**EXERCISE AIM:**
Should an entry contain an image, leave the image out and repeat the entry's text exactly.

**GIVEN RECORDS:**
+--

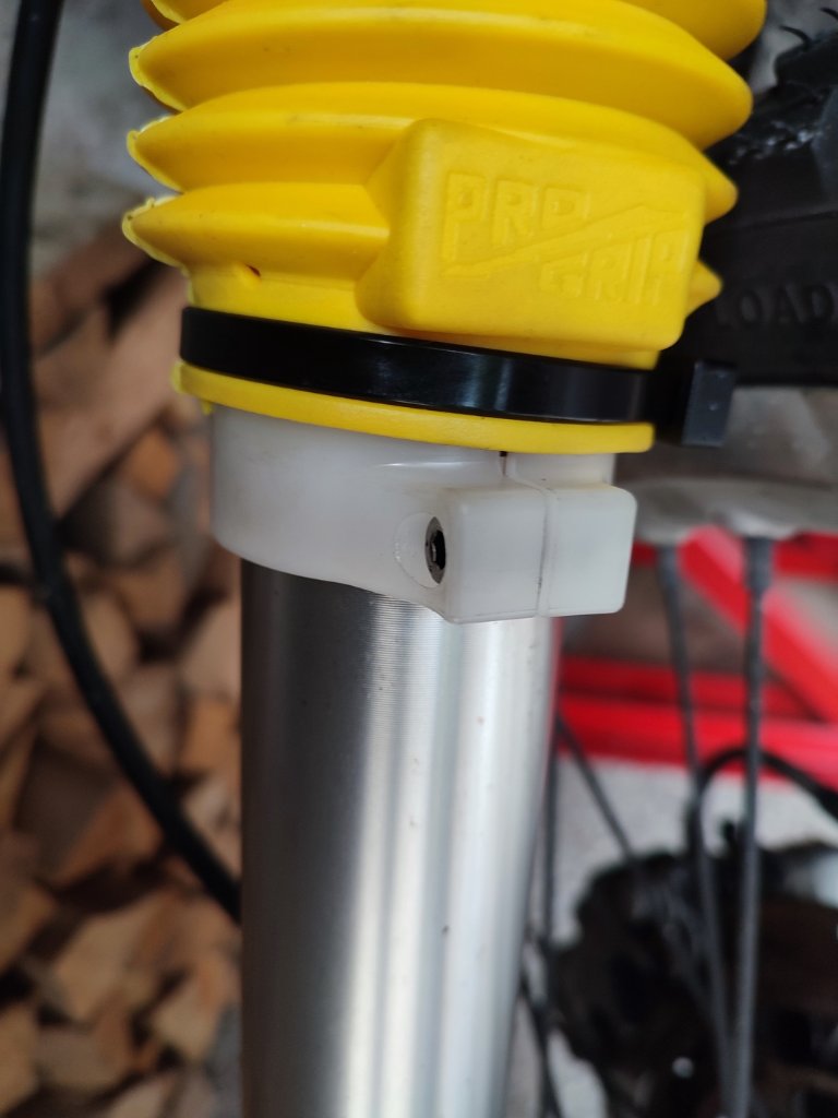 da ich meine gabel mit neuen simmerringen versehen habe....im gleichen atemzug auch tiefergelegt und wieder faltenbälge eingebaut, evtl. halten die simmi dann doch länger...zudem die sich zerbröselnden weißen plastteile an der den gleitrohren erneuert....
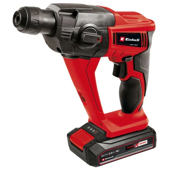 Der Akku-Bohrhammer TE-HD 18 Li Kit (1×2.5 Ah) ist ein robustes und vielseitiges Arbeitstier zum netzunabhängigen Schrauben und Bohren mit zusätzlicher kraftvollen Hammerfunktion. Durch das pneumatische Schlagwerk wird ein sehr guter Vortrieb in Mauerwerk und Beton ermöglicht. Dank der speziellen ergonomischen Griffform mit Softgrip, liegt der Bohrhammer jederzeit komfortabel und sicher in der Hand. Weiteren Bedienkomfort bieten die praktische Quickstop-Funktion gegen unerwünschtes Nachlaufen der Bohrwerkzeuge und das helle LED-Licht, das den Arbeitsbereich optimal ausleuchtet. An der Automatik SDS-Plus-Aufnahme können zudem Standard-Betonbohrer schnell und werkzeuglos gewechselt werden. Das 30 Minuten Schnellladegerät sorgt für ein schnelles Laden des kräftigen 18 Volt Systemakkus, der in vielen weiteren Geräten der Power X-Change Familie betrieben werden kann. Dank Lithium-Ionen Technologie können sich diese Akkus nicht mehr selbst entladen und die Geräte bleiben klein, leicht und handlich. Der Akku verfügt über eine integrierte Kapazitätsanzeige für die schnelle Sichtkontrolle des aktuellen Ladezustands. In der Lieferung inklusive sind ein 2,5 Ah PXC-Akku, ein Schnellladegerät und 5 Bohrer für sofortigen Projektstart. Lieferung erfolgt in E-Box Basic.
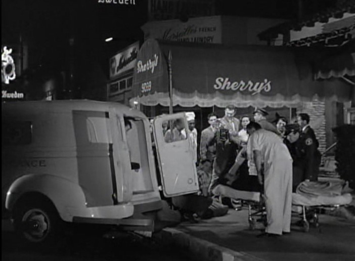 The July 19, 1949 Cohen shooting outside Sherry’s on the Sunset Strip is depicted in 711 Ocean Drive in a brief montage sequence. The above screen capture from the film is identified on some corners of the internet as the actual Cohen shooting.
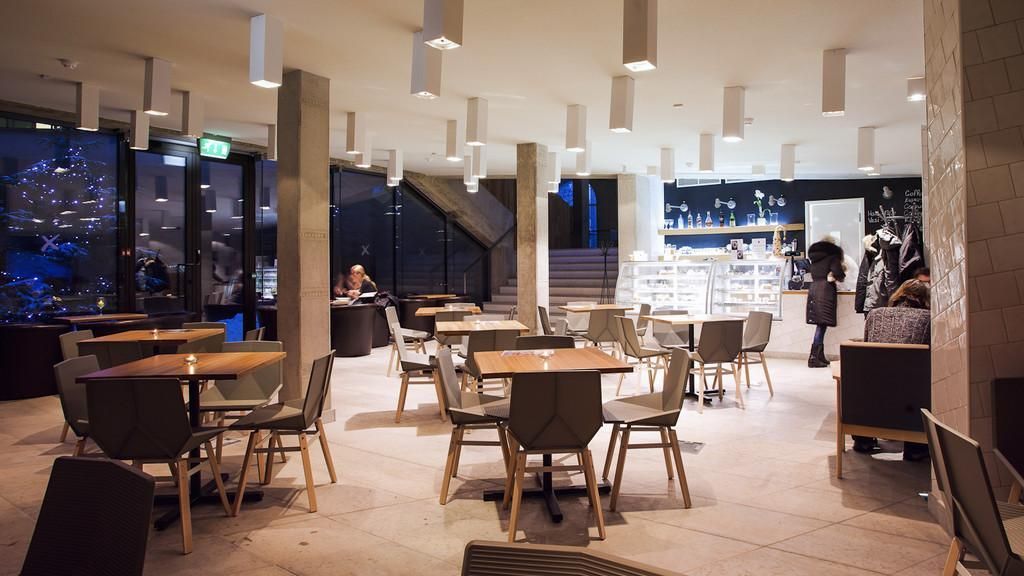 В кафе каждый день доступно меню a la carte, а по будням здесь можно получить быстрый обед из числа дневных предложений. На кондитерском прилавке посетителей ждет богатый выбор пирожных, десертов, салатов, врапов, бутербродов и т.д.
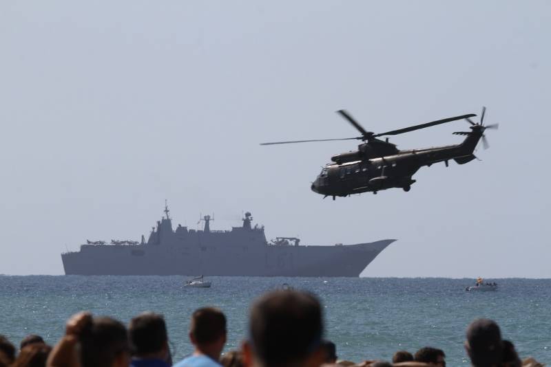 La Base Naval de Rota ha sido escenario de los actos de celebración del centenario de la Aviación Naval española, en los que pudimos ver, entre otras, las distintas aeronaves que conforman la Flotilla de Aeronaves (FLOAN). Una de las novedades de la demostración fue la presencia frente a la Playa de la Costilla del buque insignia de la Armada, el navío anfibio o Landing Helicopter Dock (LHD) Juan Carlos I, desde el que despegaron los AV-8B+ Harrier II y los helicópteros SH-3D Sea King participantes en la exhibición.
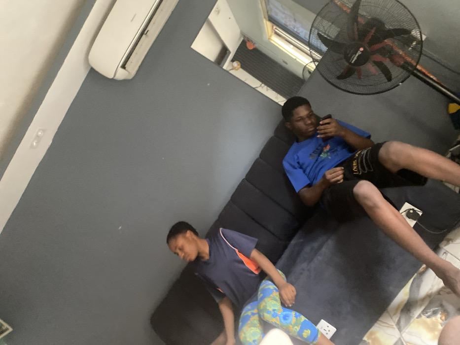 Two people are sitting on a dark gray sofa. One person wears a blue shirt and black shorts with white lettering, looking at a phone. The other person, in a navy blue and orange shirt and blue and yellow floral leggings, is leaning back on the sofa. A large black fan stands in the background, near a window. A white air conditioning unit is mounted high on the gray wall. A white electrical outlet is visible near the bottom edge.
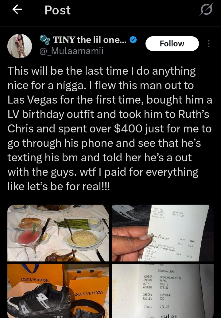 ”This will be the last time I do anything nice for a nígga. I flew this man out to Las Vegas for the first time, bought him a LV birthday outfit and took him to Ruth’s Chris and spent over $400 just for me to go through his phone and see that he’s texting his bm and told her he’s a out with the guys. wtf I paid for everything like let’s be for real“, Her tweet reads.
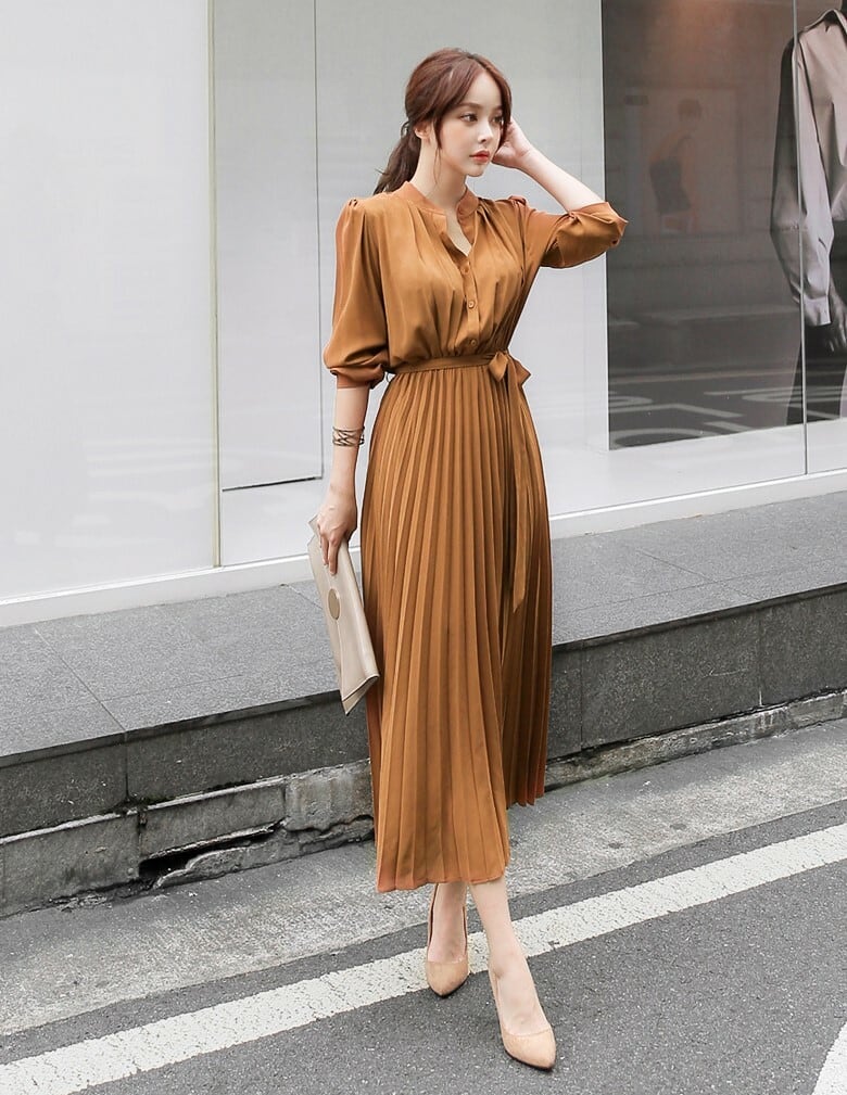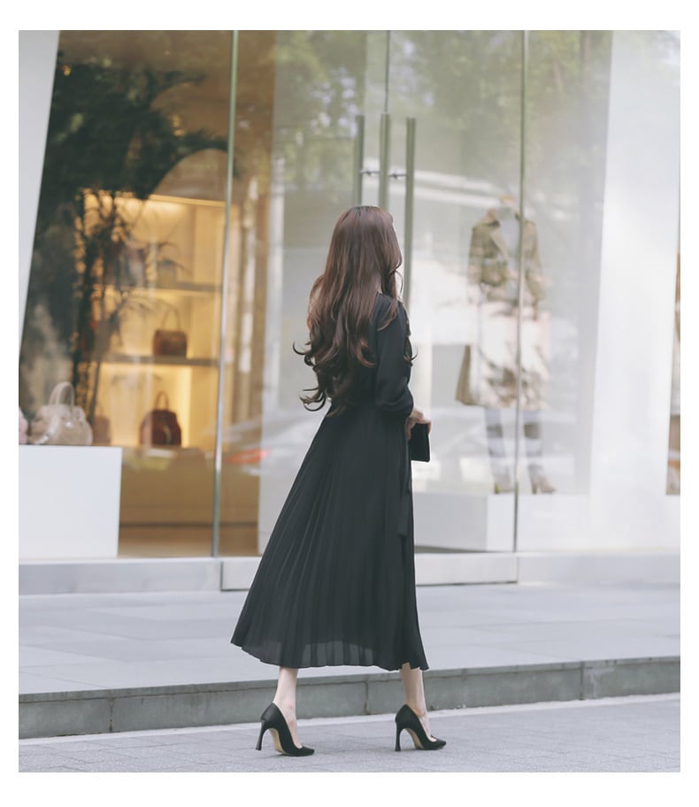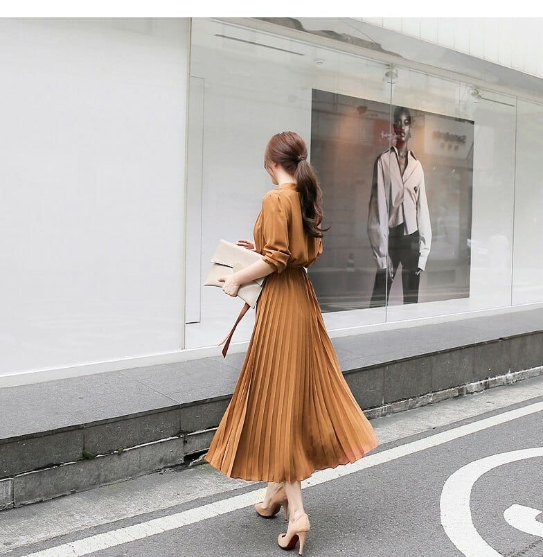 【送料無料】 ワンピース 秋 スタンドカラー プリーツ ミディ丈 リボン シフォン スレンダー 優雅 ハイウェスト トレンドカジュアル ブラック ブラウン スリム 着痩せ 足長 お洒落 トレンド 上品 きれい目 お呼ばれ 二次会 デート 女子会 通勤 OP-004KB
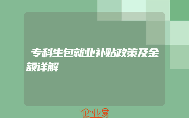 - 专科生包就业补贴政策及金额详解
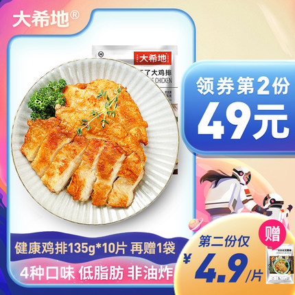 全国12仓发货,调味腌制半成品鸡排,简单煎熟即可食用。目前天猫商城大希地旗舰店135g*10片特价¥79,使用¥10优惠券,下单实付¥69包邮,下单即赠启辰鸡排100g*1片,到手共1450g。
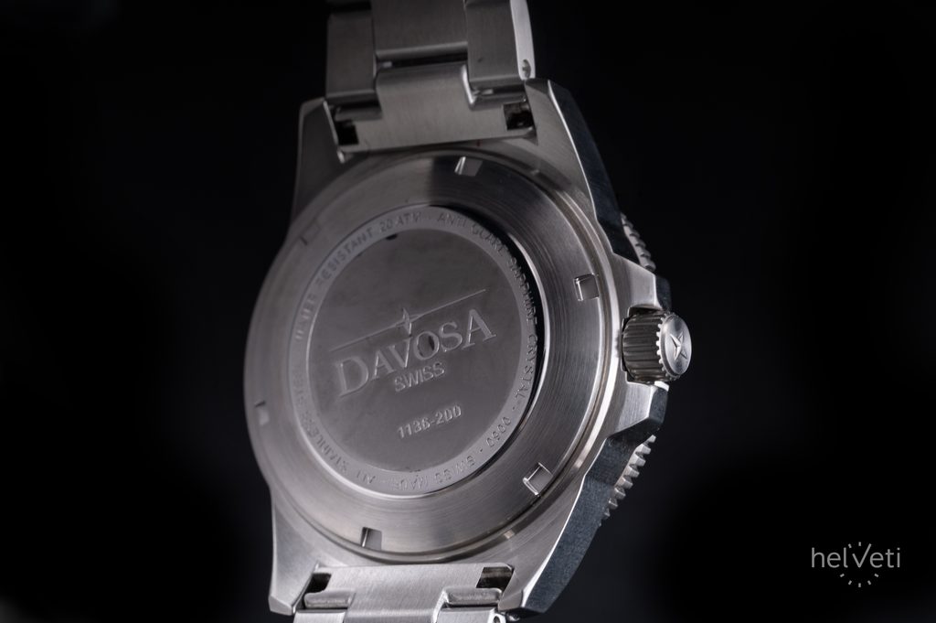 Pouzdro hodinek Davosa Argonautic 39 BS 161.532.20 je vyrobeno z ušlechtilé oceli a skrývá v sobě mechanický strojek DAV 3021 (který vychází ze strojku Sellita SW 200) s automatickým nátahem. Ten pracuje na frekvenci 28800 polokmitů za hodinu (4Hz), ukazatel data pak najdeme na tradiční pozici 3. Strojek také disponuje funkcí hackingu a možností manuálního nátahu. Přehledný číselník černé barvy je vyveden v potápkovém stylu a je chráněn safírovým sklíčkem s antireflexní vrstvou, nemusíte se tedy bát jakéhokoli poškrábání. Vteřinová ručička ve tvaru šipky je ve tmě snadno čitelná díky luminiscenci (BGW09) na jejím ukončení.

+--

**ANSWER BOX:**
 da ich meine gabel mit neuen simmerringen versehen habe....im gleichen atemzug auch tiefergelegt und wieder faltenbälge eingebaut, evtl. halten die simmi dann doch länger...zudem die sich zerbröselnden weißen plastteile an der den gleitrohren erneuert....
 Der Akku-Bohrhammer TE-HD 18 Li Kit (1×2.5 Ah) ist ein robustes und vielseitiges Arbeitstier zum netzunabhängigen Schrauben und Bohren mit zusätzlicher kraftvollen Hammerfunktion. Durch das pneumatische Schlagwerk wird ein sehr guter Vortrieb in Mauerwerk und Beton ermöglicht. Dank der speziellen ergonomischen Griffform mit Softgrip, liegt der Bohrhammer jederzeit komfortabel und sicher in der Hand. Weiteren Bedienkomfort bieten die praktische Quickstop-Funktion gegen unerwünschtes Nachlaufen der Bohrwerkzeuge und das helle LED-Licht, das den Arbeitsbereich optimal ausleuchtet. An der Automatik SDS-Plus-Aufnahme können zudem Standard-Betonbohrer schnell und werkzeuglos gewechselt werden. Das 30 Minuten Schnellladegerät sorgt für ein schnelles Laden des kräftigen 18 Volt Systemakkus, der in vielen weiteren Geräten der Power X-Change Familie betrieben werden kann. Dank Lithium-Ionen Technologie können sich diese Akkus nicht mehr selbst entladen und die Geräte bleiben klein, leicht und handlich. Der Akku verfügt über eine integrierte Kapazitätsanzeige für die schnelle Sichtkontrolle des aktuellen Ladezustands. In der Lieferung inklusive sind ein 2,5 Ah PXC-Akku, ein Schnellladegerät und 5 Bohrer für sofortigen Projektstart. Lieferung erfolgt in E-Box Basic.
 The July 19, 1949 Cohen shooting outside Sherry’s on the Sunset Strip is depicted in 711 Ocean Drive in a brief montage sequence. The above screen capture from the film is identified on some corners of the internet as the actual Cohen shooting.
 В кафе каждый день доступно меню a la carte, а по будням здесь можно получить быстрый обед из числа дневных предложений. На кондитерском прилавке посетителей ждет богатый выбор пирожных, десертов, салатов, врапов, бутербродов и т.д.
 La Base Naval de Rota ha sido escenario de los actos de celebración del centenario de la Aviación Naval española, en los que pudimos ver, entre otras, las distintas aeronaves que conforman la Flotilla de Aeronaves (FLOAN). Una de las novedades de la demostración fue la presencia frente a la Playa de la Costilla del buque insignia de la Armada, el navío anfibio o Landing Helicopter Dock (LHD) Juan Carlos I, desde el que despegaron los AV-8B+ Harrier II y los helicópteros SH-3D Sea King participantes en la exhibición.
 Two people are sitting on a dark gray sofa. One person wears a blue shirt and black shorts with white lettering, looking at a phone. The other person, in a navy blue and orange shirt and blue and yellow floral leggings, is leaning back on the sofa. A large black fan stands in the background, near a window. A white air conditioning unit is mounted high on the gray wall. A white electrical outlet is visible near the bottom edge.
 ”This will be the last time I do anything nice for a nígga. I flew this man out to Las Vegas for the first time, bought him a LV birthday outfit and took him to Ruth’s Chris and spent over $400 just for me to go through his phone and see that he’s texting his bm and told her he’s a out with the guys. wtf I paid for everything like let’s be for real“, Her tweet reads.
 【送料無料】 ワンピース 秋 スタンドカラー プリーツ ミディ丈 リボン シフォン スレンダー 優雅 ハイウェスト トレンドカジュアル ブラック ブラウン スリム 着痩せ 足長 お洒落 トレンド 上品 きれい目 お呼ばれ 二次会 デート 女子会 通勤 OP-004KB
 - 专科生包就业补贴政策及金额详解
 全国12仓发货,调味腌制半成品鸡排,简单煎熟即可食用。目前天猫商城大希地旗舰店135g*10片特价¥79,使用¥10优惠券,下单实付¥69包邮,下单即赠启辰鸡排100g*1片,到手共1450g。
 Pouzdro hodinek Davosa Argonautic 39 BS 161.532.20 je vyrobeno z ušlechtilé oceli a skrývá v sobě mechanický strojek DAV 3021 (který vychází ze strojku Sellita SW 200) s automatickým nátahem. Ten pracuje na frekvenci 28800 polokmitů za hodinu (4Hz), ukazatel data pak najdeme na tradiční pozici 3. Strojek také disponuje funkcí hackingu a možností manuálního nátahu. Přehledný číselník černé barvy je vyveden v potápkovém stylu a je chráněn safírovým sklíčkem s antireflexní vrstvou, nemusíte se tedy bát jakéhokoli poškrábání. Vteřinová ručička ve tvaru šipky je ve tmě snadno čitelná díky luminiscenci (BGW09) na jejím ukončení.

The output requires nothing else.